# Continuous Bernoulli distribution

In probability theory, statistics, and machine learning, the continuous Bernoulli distribution is a family of continuous probability distributions parameterized by a single shape parameter $\lambda \in (0,1)$ , defined on the unit interval $x\in [0,1]$ , by:

Notation Probability density function ${\mathcal {CB}}(\lambda )$ $\lambda \in (0,1)$ $x\in [0,1]$ $C(\lambda )\lambda ^{x}(1-\lambda )^{1-x}\!$ where $C(\lambda )={\begin{cases}2&{\text{if }}\lambda ={\frac {1}{2}}\\{\frac {2\tanh ^{-1}(1-2\lambda )}{1-2\lambda }}&{\text{ otherwise}}\end{cases}}$ ${\begin{cases}x&{\text{ if }}\lambda ={\frac {1}{2}}\\{\frac {\lambda ^{x}(1-\lambda )^{1-x}+\lambda -1}{2\lambda -1}}&{\text{ otherwise}}\end{cases}}\!$ $\operatorname {E} [X]={\begin{cases}{\frac {1}{2}}&{\text{ if }}\lambda ={\frac {1}{2}}\\{\frac {\lambda }{2\lambda -1}}+{\frac {1}{2\tanh ^{-1}(1-2\lambda )}}&{\text{ otherwise}}\end{cases}}\!$ $\operatorname {var} [X]={\begin{cases}{\frac {1}{12}}&{\text{ if }}\lambda ={\frac {1}{2}}\\{\frac {(1-\lambda )\lambda }{(1-2\lambda )^{2}}}+{\frac {1}{(2\tanh ^{-1}(1-2\lambda ))^{2}}}&{\text{ otherwise}}\end{cases}}\!$ $p(x|\lambda )\propto \lambda ^{x}(1-\lambda )^{1-x}.$ The continuous Bernoulli distribution arises in deep learning and computer vision, specifically in the context of variational autoencoders, for modeling the pixel intensities of natural images. As such, it defines a proper probabilistic counterpart for the commonly used binary cross entropy loss, which is often applied to continuous, $[0,1]$ -valued data. This practice amounts to ignoring the normalizing constant of the continuous Bernoulli distribution, since the binary cross entropy loss only defines a true log-likelihood for discrete, $\{0,1\}$ -valued data.

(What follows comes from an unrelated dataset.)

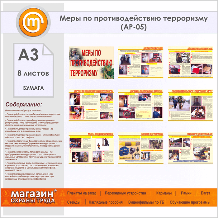 Плакаты «Меры по противодействию терроризму» (АР-05, бумага, А3, 8 листов) в Твери купить

The continuous Bernoulli also defines an exponential family of distributions. Writing $\eta =\log \left(\lambda /(1-\lambda )\right)$ for the natural parameter, the density can be rewritten in canonical form: $p(x|\eta )\propto \exp(\eta x)$ .

## Related distributions

### Bernoulli distribution

The continuous Bernoulli can be thought of as a continuous relaxation of the Bernoulli distribution, which is defined on the discrete set $\{0,1\}$  by the probability mass function:

$p(x)=p^{x}(1-p)^{1-x},$

where $p$  is a scalar parameter between 0 and 1. Applying this same functional form on the continuous interval $[0,1]$  results in the continuous Bernoulli probability density function, up to a normalizing constant.

### Beta distribution

The Beta distribution has the density function:

$p(x)\propto x^{\alpha -1}(1-x)^{\beta -1},$

which can be re-written as:

$p(x)\propto x_{1}^{\alpha _{1}-1}x_{2}^{\alpha _{2}-1},$

where $\alpha _{1},\alpha _{2}$  are positive scalar parameters, and $(x_{1},x_{2})$  represents an arbitrary point inside the 1-simplex, $\Delta ^{1}=\{(x_{1},x_{2}):x_{1}>0,x_{2}>0,x_{1}+x_{2}=1\}$ . Switching the role of the parameter and the argument in this density function, we obtain:

$p(x)\propto \alpha _{1}^{x_{1}}\alpha _{2}^{x_{2}}.$

This family is only identifiable up to the linear constraint $\alpha _{1}+\alpha _{2}=1$ , whence we obtain:

$p(x)\propto \lambda ^{x_{1}}(1-\lambda )^{x_{2}},$

corresponding exactly to the continuous Bernoulli density.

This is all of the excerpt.